Older age and a higher initial NIHSS score were identified as predictors of futile recanalization in the present study. Hussein et al. [11] observed futile recanalization in 49% of patients who underwent endovascular therapy for acute ischemic stroke, and they found that age >70 years (OR 4.4; 95% CI 1.9-10.5; p < 0.001) and an initial NIHSS score of 10-19 (OR 3.8; 95% CI 1.7-8.4; p < 0.001) were independent predictors of futile recanalization. Although the present multivariate analysis did not identify age >70 years or initial NIHSS score ≥15 as independent predictors of futile recanalization, the results regarding age and initial NIHSS score were similar. An analysis of the PROACT II study that examined the efficacy of intra-arterial prourokinase for the treatment of acute stroke patients within 6 h of onset found that age ≤68 years and NIHSS score <20 were associated with good outcome (modified Rankin scale score 0-2) after 90 days [30]. Among 3,864 patients who underwent endovascular clot retrieval, age ≥65 years was associated with higher rates of in-hospital mortality and discharge to a long-term care facility than age <65 years (29.7 vs. 17.1%; p < 0.0001, and 54.1 vs. 47.6%; p < 0.0001, respectively) [31].

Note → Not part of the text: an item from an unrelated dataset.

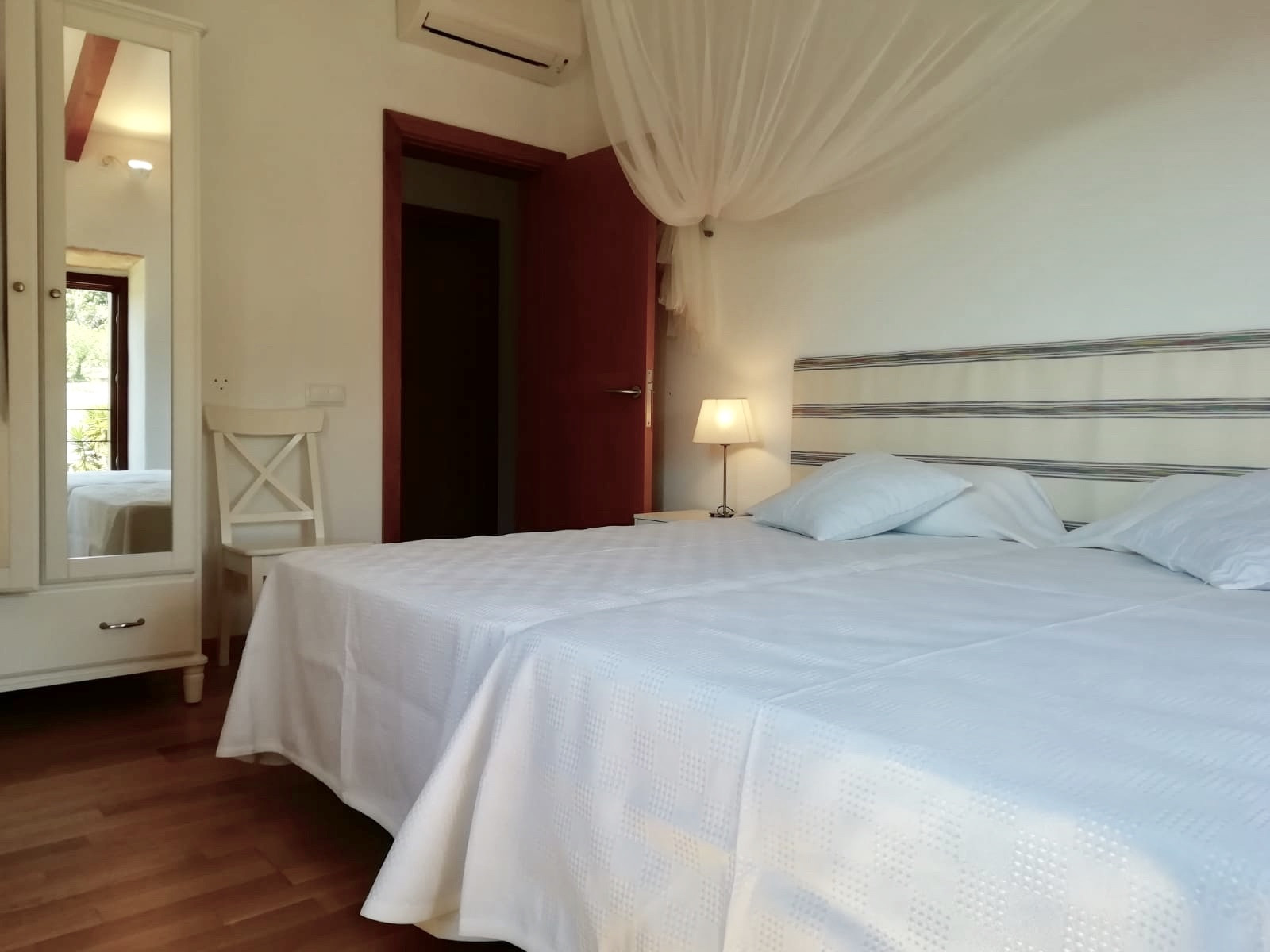 Über zwei Gatter und durch eine herrlich naturbelassene Landschaft gelangt man zum Hauseingang mit massiver Holztür. Der Aussenbereich ist grosszügig angelegt. Rechterhand findet man einen romantischen Sitzplatz unter einem Eichenbaum. Linkerhand und umrandet von einem kleinen Wald und Wiesen die komplett ausgestattete Terrasse und der 8x4 m2 Pool mit hautschonendem Salzwasser. Am Pool gibt es 4 Sonnenliegen und einen Sonnenschirm. Der Terrassenbereich verfügt über einen Esstisch mit Sitzgelegenheit für bis zu 6 Personen, einen Weber Aussengrill für Holzkohle und ein gemütliches Sofa Set. Über die massive Holztür gelangt man in den Eingangsbereich des Hauses, rechts der Essbereich mit tollem Holztisch, linkerhand der Wohnzimmer-Bereich mit Sofa und Sessel. Geradaus weiter gelangt man in die geräumige voll ausgestattete Küche mit einem zusätzlichen Esstisch für bis zu vier Personen. Die Terrasse kann man sowohl vom Wohnzimmer als auch von der Küche aus betreten. Von hier geht es in die erste Etage, in welcher sich die beiden Schlafzimmer (SZ1 Bett mit Queensize Bett 160x200 cm und SZ2 mit 2 Betten à 100x200 cm) und das grosse Badezimmer mit Badewanne befinden. Ein zweites Badezimmer mit Dusche befindet sich im Erdgeschoss im Terrassenbereich am Haus. La Coma verfügt über Klimaanlage in beiden Schlafzimmern, weiterhin Internet WLan. Diese Finca ist ein uriges nettes und komfortables kleines Landhaus, für Menschen die es lieben Zeit in der Natur zu verbringen.

The results of the present study did not show an association between time to endovascular therapy and futile recanalization. Favorable outcomes were associated with early treatment in a pooled analysis of intravenous thrombolysis trials and with early recanalization in prospective endovascular therapy studies [32,33,34]. The lack of association between time to treatment and outcome in this study may be due to the small sample size or patient selection based on MRI findings. A post-hoc analysis of the DEFUSE2 study data showed that the ORs for a favorable response to treatment in patients with reperfusion versus those without reperfusion were not significantly different between patients who received early and late treatment, if they had target mismatch on MRI.

At this stage, we cannot assert that patients with large DWI-DWM lesions are not poor candidates for endovascular therapy. A randomized trial can determine whether this lesion pattern predicts unfavorable results from endovascular therapy. However, these results can be used to inform family discussions about whether endovascular therapy should be performed, since this pattern may be a poor prognostic indicator despite successful recanalization. To improve patient outcomes, a randomized trial to prove the usefulness of the pretreatment MRI lesion pattern is needed.

This study was limited by its retrospective nature and the small number of patients. Patient selection based on CT and MRI findings before endovascular therapy limited the analysis to patients with relatively small infarcts and high ASPECTS.

Conclusions

A large DWI-DWM lesion before endovascular therapy predicts poor outcome in patients with successful recanalization. Patients with large DWI-DWM lesions may be poor candidates for endovascular therapy.

Disclosure Statement

The authors declare no conflicts of interest.